Ехал однажды по полю епископ с поездом из сорока лошадей, и увидел он на пашне крестьянина. Мужик бросил пахать, оперся на плуг и глянул на всадника. Епископ подъехал к нему и спросил: „Скажи-ка мне, любезный, да только чистую правду, что ты подумал, увидев мой поезд?“ Мужик ответил: „Подумал я, сударь мой, доводилось ли так, с сорока лошадьми, разъезжать по свету святому Килиану Вюрцбургскому“.[12] Епископ возразил: „Я ведь не только епископ, я светский князь. Ныне зришь ты во мне светского князя, а если хочешь узреть епископа, то приходи в День Святой Богоматери[13] в Вюрцбург, там ты его увидишь“. А мужик возьми да расхохочись. Епископ спросил, что тут смешного. Мужик ответил: „А коли черт возьмет князя, куда денется епископ?“ И епископ умчался прочь, беседа ему наскучила.
Жил-был один купец. И однажды ночью никак не мог заснуть и метался по постели, и жена спросила его: „Чего это тебе, муженек, не спится?“ — „Ах, — ответил ей муж, — ты смогла бы развеять мою печаль, если бы захотела“. — „С радостью“, — сказала жена. „Видишь ли, завел я припас вина, хлеба, соли, мяса, сала и всего, что нужно, ровно на год за вычетом одного дня. Если бы мы смогли обойтись без еды всего один день, нам хватило бы на год. И вот пришла мне на ум одна уловка. С ее помощью мы этот проклятый день выгадаем. Когда вся наша челядь, батраки и служанки, выйдут в поле, я прикинусь мертвецом. Ты позаботишься о саване, о кресте, о свечах, о воде и будешь бдеть возле тела и плакать. И когда вернутся они с поля, от горя не смогут взять в рот ни крошки“. Жене такая затея понравилась, хорошенько приготовились они оба, и когда люди вернулись с поля, предстала им плачущая возле трупа хозяйка, и пожаловалась она им, что супруг ее и хозяин внезапно умер. Люди перепугались и каждый по пять раз прочитал „Отче наш“ и по столько же „Аве Мария“. Помолившись за упокой и покончив с этим, слуги заговорили: „А теперь, хозяйка, тащи-ка еду“. — „Как вы можете говорить о еде, когда у нас такое горе?“ — „Горе не горе, — ответили ей, — а есть-то надо. Нам ведь и в поле возвращаться придется, как же работать голодными? Давай-ка пошевеливайся!“ А когда уселись они за стол и принялись за еду, мнимый мертвец подумал: „Уловка сорвалась, но ежели я сейчас оживу, они решат, что мертвец воскрес, ужасно испугаются и у них кусок в горло не полезет от страха“. И сел в постели. Но один из батраков схватил топор и зарубил его насмерть. Хозяйка заорала на него: „Ах ты, подлый душегуб, ты убил моего мужа!“ А батрак ответил: „Как же так, хозяйка, ты сама сказал, что он умер, а тут, видать, бес вселился в его тело, вот этого беса-то я и выгнал, раз уж хозяин свое отжил“. Так вот теряют иные жизнь телесную и жизнь вечную, в жизни телесной воплощенную, это ясно как божий день. Один спешит на войну, чтобы захватить добычу, и погибает, торговец торгует, вор ворует, а жизнь у каждого одна, и вечная жизнь тоже одна.

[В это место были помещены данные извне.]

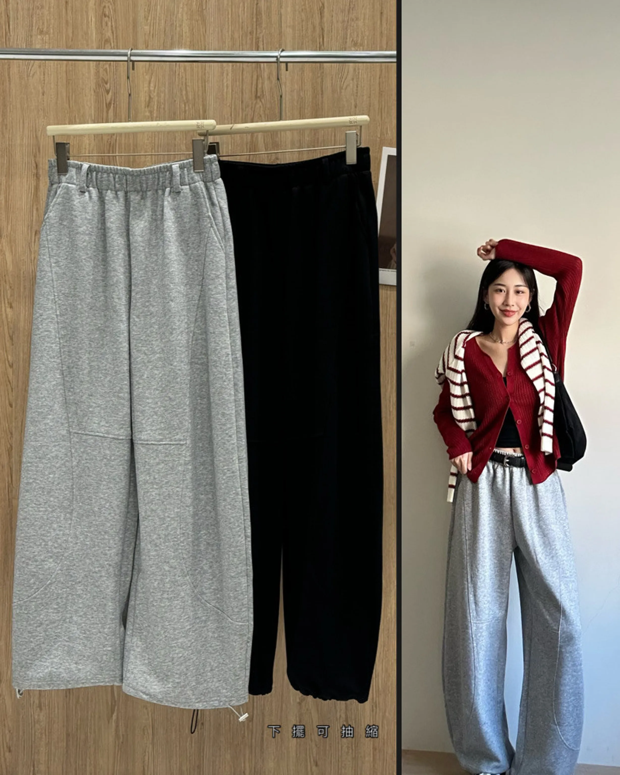 1606(灰/黑)繭型棉褲 「褲腳可縮」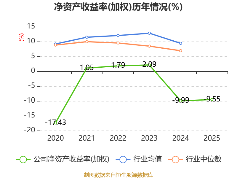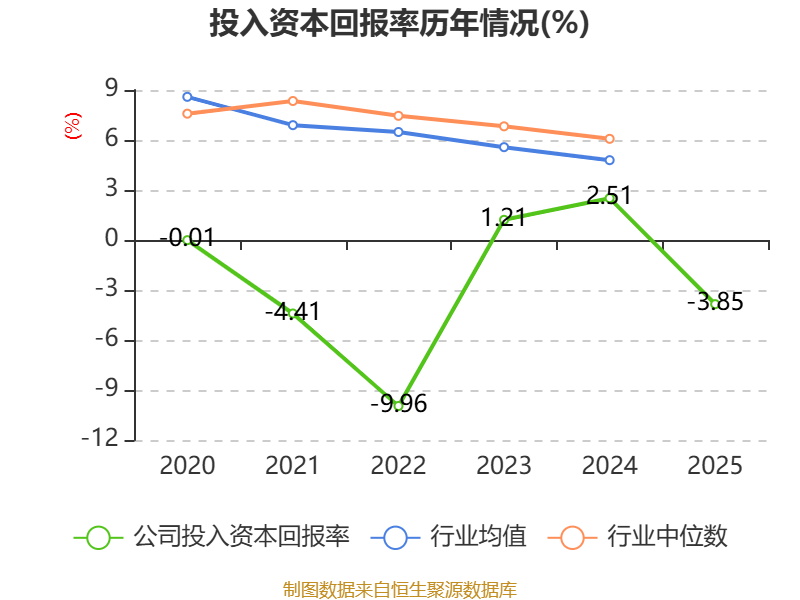 数据显示,2025年公司加权平均净资产收益率为-9.55%,较上年同期上升0.44个百分点。公司2025年投入资本回报率为-3.85%,较上年同期下降6.36个百分点。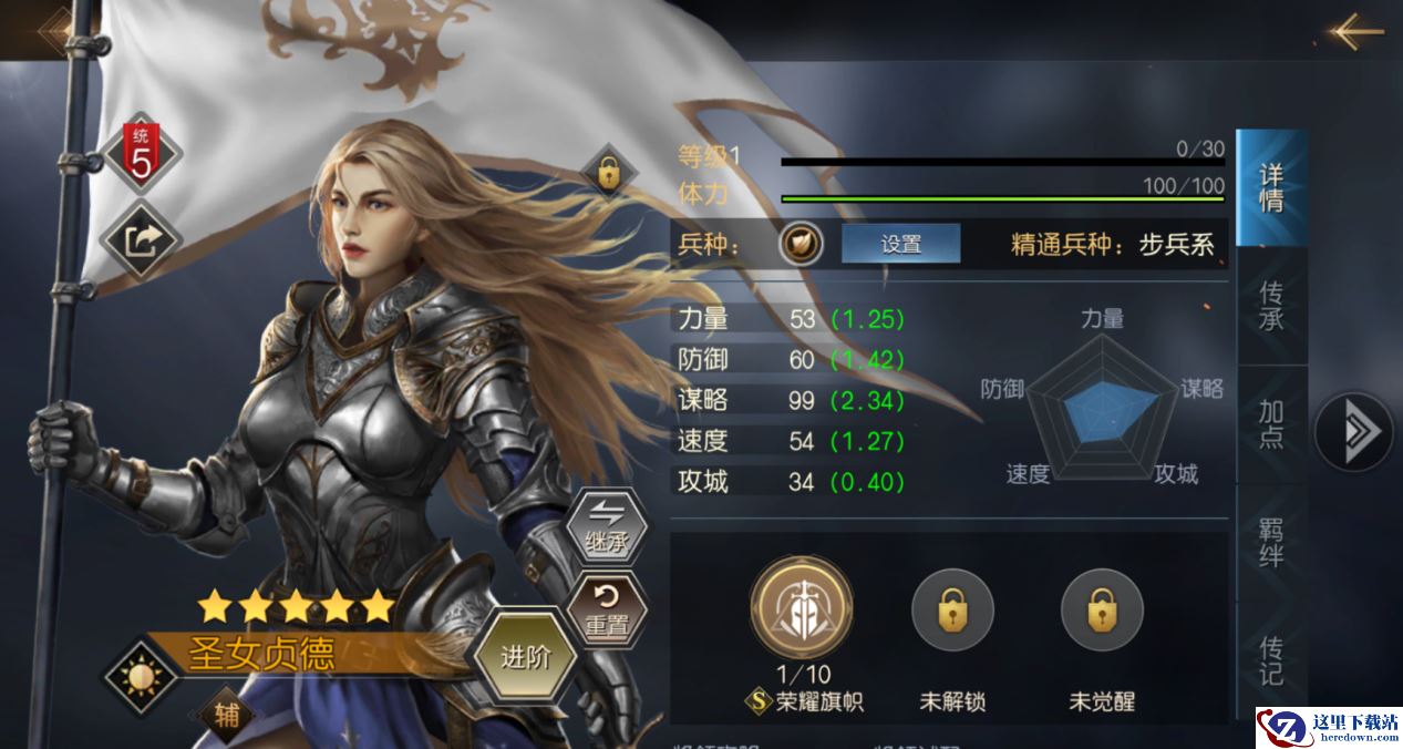 在所有阵容中,西洋阵容是包含辅助型武将最多的阵容。从自身属性上看,贞德与同阵容的同类武将相比,毫无优势。即便是基础属性值最高的“谋略”,也没有超过100。但贞德专属技能“荣耀旗帜”,弥补了贞德属性上的弱势,也使她成为了万金油型的辅助武将。

Умер один ростовщик, и тело его было таким тяжелым, что никто не мог поднять его. И кто-то сказал: „По нашим обычаям, каждого должны хоронить люди из его цеха: портного — портные, гончара — гончары, поэтому позовем четверых ростовщиков, и пусть они его хоронят — и, бьюсь об заклад, они смогут его поднять и перенести“. И впрямь, четверо ростовщиков подняли пятого как перышко.
Один ростовщик был на проповеди; выйдя же из церкви, он осерчал и начал браниться. Повстречался ему добрый знакомец и спросил: „Сударь мой, на кого это вы так осерчали?“ Ростовщик ответил: „На проповедника, которому вздумалось утверждать, что черт собственноручно затащит всех ростовщиков к себе в ад“. Знакомый возразил: „Это ложь. Дайте мне семишник, и я при всем честном народе подойду к нему и скажу, что он неправ“. Ростовщик дал ему семишник. А тот пошел в церковь и подошел к амвону. Следом за ним вошел в церковь и ростовщик. Получивший семишник обратился к священнику: „Сударь мой, вы утверждали в своей проповеди, что черт собственноручно затащит всех ростовщиков к себе в ад“. — „Да, — ответил священник, — это сущая правда“. — „Нет, сударь мой, это неправда“. Проповедник полюбопытствовал — почему. „А потому, что для ростовщиков было бы больно много чести, если бы черт собственноручно затаскивал их к себе в ад. Он берет их за ноги и швыряет в бездну“. Все рассмеялись, семишник был заработан честно, а ростовщик осерчал еще сильнее.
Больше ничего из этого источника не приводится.